Worse, the national shield law currently before the Congress would give the government the power to decide who’s a journalist and who’s not–or worse, what journalism is. Judith Miller, the law’s most forceful advocate, told a room full of bloggers at the Open Source Media launch party last week that the law probably would not cover all bloggers. She said, as have the bill’s sponsors in Congress, that there were a lot of questions over which bloggers would be covered and which wouldn’t, but that ultimately the courts would decide on a case by case basis.
Great. Other than Congress, that’s exactly the institution I want meddling in journalism.
Fortunately, Sen. John Cornyn gave a speech via satellite a few minutes later in which he expressed skepticism about a national shield law and instead offered two alternatives that would benefit the future of journalism as much as the shield law would harm it. First of all, Congress needs to pass a bill to exempt bloggers from the McCain-Feingold campaign-finance legislation. Such a bill has been languishing in the House, but the blogopshere isn’t likely to let it sit for long. Second, Congress needs to continue on the path of Freedom of Information Act reform that Cornyn has outlined. These reforms, which would make it easier and faster for journalists, bloggers, and everycitizen to get access to government information, would do much more for the public’s right to know than a national shield law.
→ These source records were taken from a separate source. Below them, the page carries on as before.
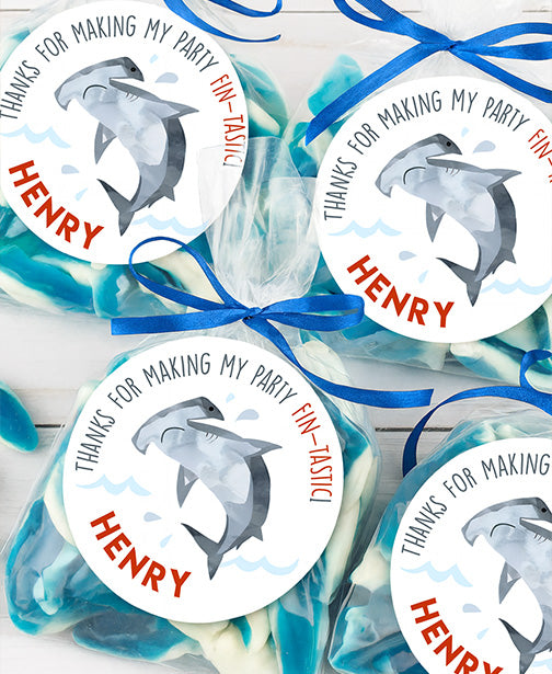 3 reviewsPersonalized Stickers Hammerhead Shark Birthday Party Stickers, Hammerhead Shark Thank You Circle Stickers, Custom Party Stickers These Thanks for ...
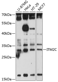Western blot analysis of extracts of various cell lines, using ITM2C antibody. |
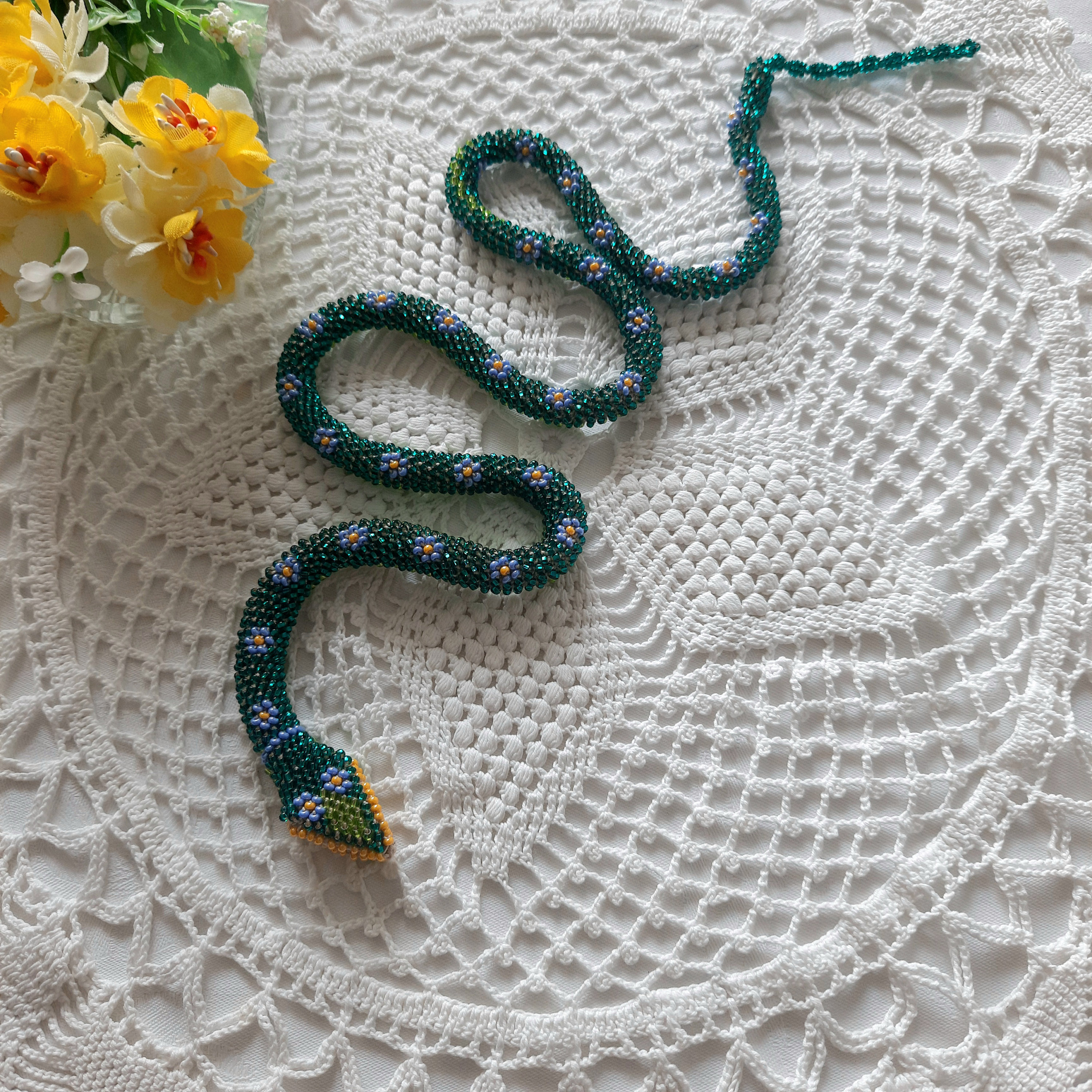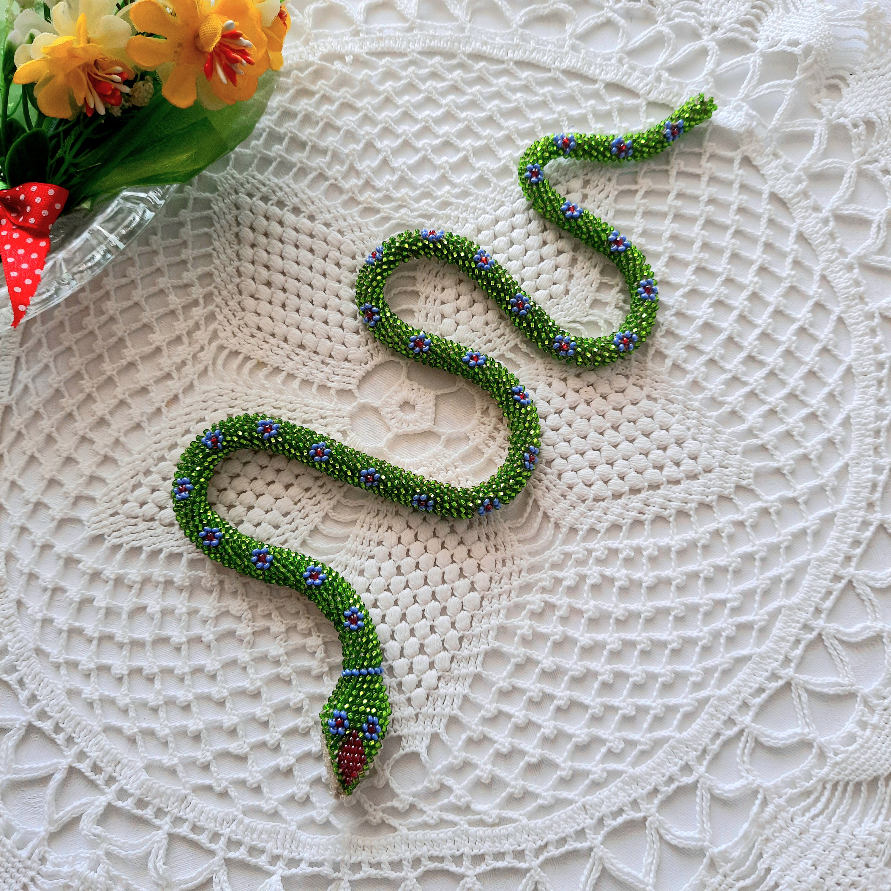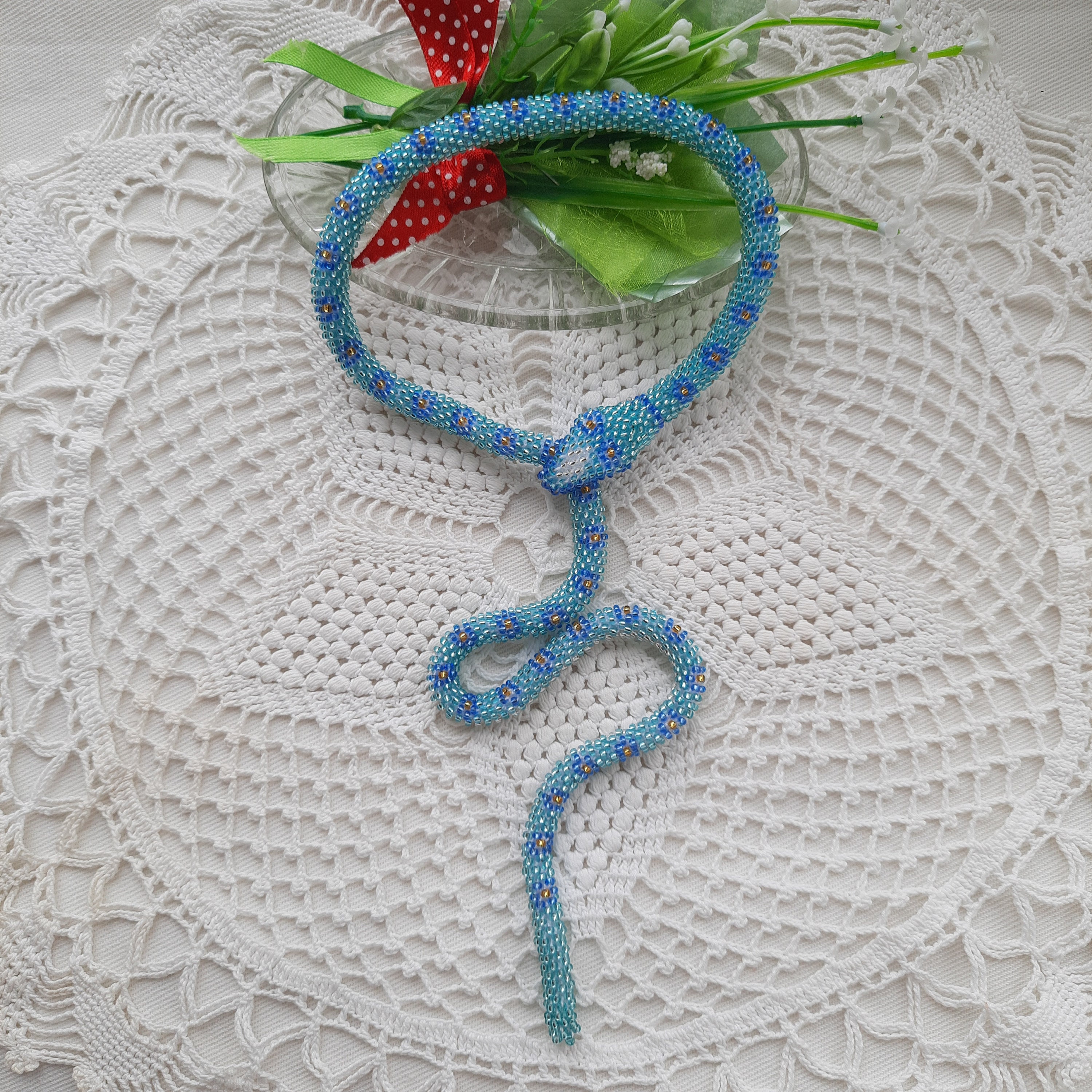 "The necklace is made of Czech beads, the necklace is crocheted, 100% handmade. Jewelry snakes....
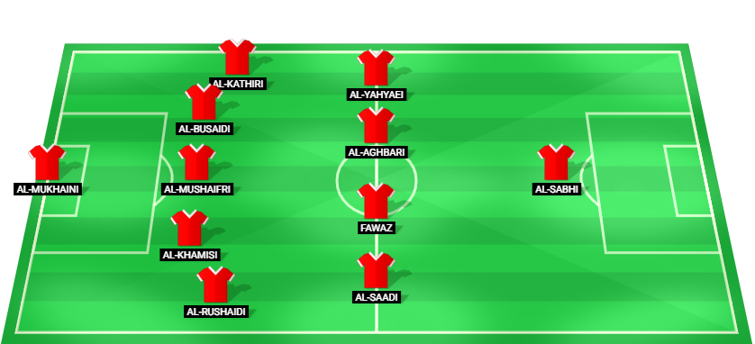 আল-মুখাইনি (জিকে), আল-রুশাইদি (ডিএফ), আল-খামিসি (ডিএফ), আল-মুশাইফ্রি (ডিএফ), আল-বুসাইদি (ডিএফ), আল-কাথিরি (ডিএফ), আল-সাদী (এমএফ), ফাওয়াজ (এমএফ), আল-আগবারি (এমএফ), আল-ইয়াহইয়াই (এমএফ), আল-আবলু (এমএফ)।

Advocates of the national shield law say it would enhance the freedom of the press. But the Plame affair has shown that when the source becomes the story, reporter-source confidentiality actually stands between the public and the truth. In addition, there are two reforms–an exemption from McCain-Feingold for bloggers and Freedom of Information Act reform–that would do much more to protect the First Amendment, yet have failed to garner the same attention as the national shield law. The reasons for this should be obvious: The two reforms empower bloggers and citizen journalists. The national shield law empowers the mainstream press, which has used its bigger megaphone to campaign for it. But when these national papers and big-name journalists urge you to support a national shield law, don’t think of Judith Miller. Think of Joseph Wilson, and ask yourself if that’s the kind of “journalism” you’d like to see protected.
–Stephen Spruiell reports on the media for National Review Online’s new media blog.